Passion is a vital skill for entrepreneurs, but did you know it can actually kill a sales call?
While it may seem counterintuitive, an overzealous spirit can simply overwhelm a prospect.
While asking for the sale is an essential selling skill, you have to earn the right to ask by first building trust with your prospect.
While you’ll never land a sale if you don’t ask, sales is a process versus a question. If your enthusiasm gets the better of you, and you ask too soon, you’ll certainly get an answer – just not the one you want.
Passion could also cause you to make invalid assumptions and rush through the all-important needs assessment, the point of which is to ask high-impact questions that get your prospect talking about existing pain and needs.
Guide your prospect through that discussion properly, and you may very well have a buyer who realizes the need for what you’re selling without your prompting.
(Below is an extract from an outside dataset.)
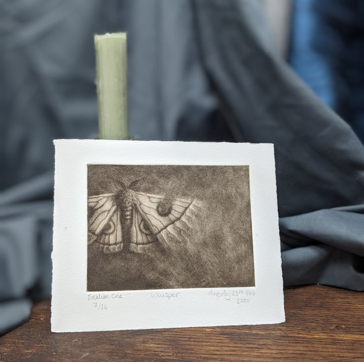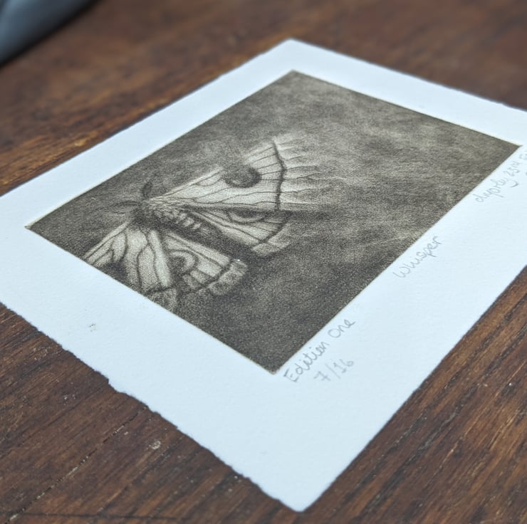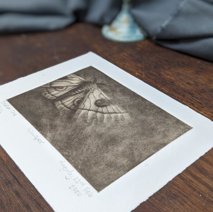 A small mezzotint of a moth, hand printed and signed. Edition of 16. The overall size of the work is 21x15cm and the image size is 9x14cm.

But if you make assumptions about what a prospect needs, versus letting him get there on his own, you risk making your prospect feel “sold to” and losing the sale.
Similarly, if you cut the needs assessment short by jumping on the very first need your prospect divulges, you may miss additional opportunities to sell even more.
Thoroughly explore your prospect’s needs before outlining how you can address them. Once you shift the focus away from exploring those needs, it can be challenging to get your potential buyer back on track.
Passion can also cause you to talk too much in a sales conversation. Successful sales people only talk during 20 percent of the sales call. Remember that you have two ears and only one mouth for a reason.
When prospects throw up the inevitable objections, the overly enthusiastic may come across as prideful or stubborn if they lack objectivity, ultimately turning off prospects.
Set your passion aside to truly understand and relate to your prospect’s concerns if you want to improve your likelihood of closing the sale.
Once a prospect begins to demonstrate buying signals, don’t oversell. The impassioned may elect to make every point they had originally planned even after the prospect has clearly made a buying decision.
If you’re not careful, you just might talk your prospect out of the sale. Once your prospect is ready to buy, close, connect again, and get out.
Passion can propel you to the top or send you right over the cliff. So, while you certainly don’t want to put a complete damper on it, channel it toward helping your prospect versus selling them.
Lori Turner-Wilson is an award-winning columnist and Founder/CEO of RedRover Sales & Marketing, www.redrovercompany.com. You can follow RedRover on Twitter (@redrovercompany and @loriturner) and Facebook (facebook.com/redrovercompany).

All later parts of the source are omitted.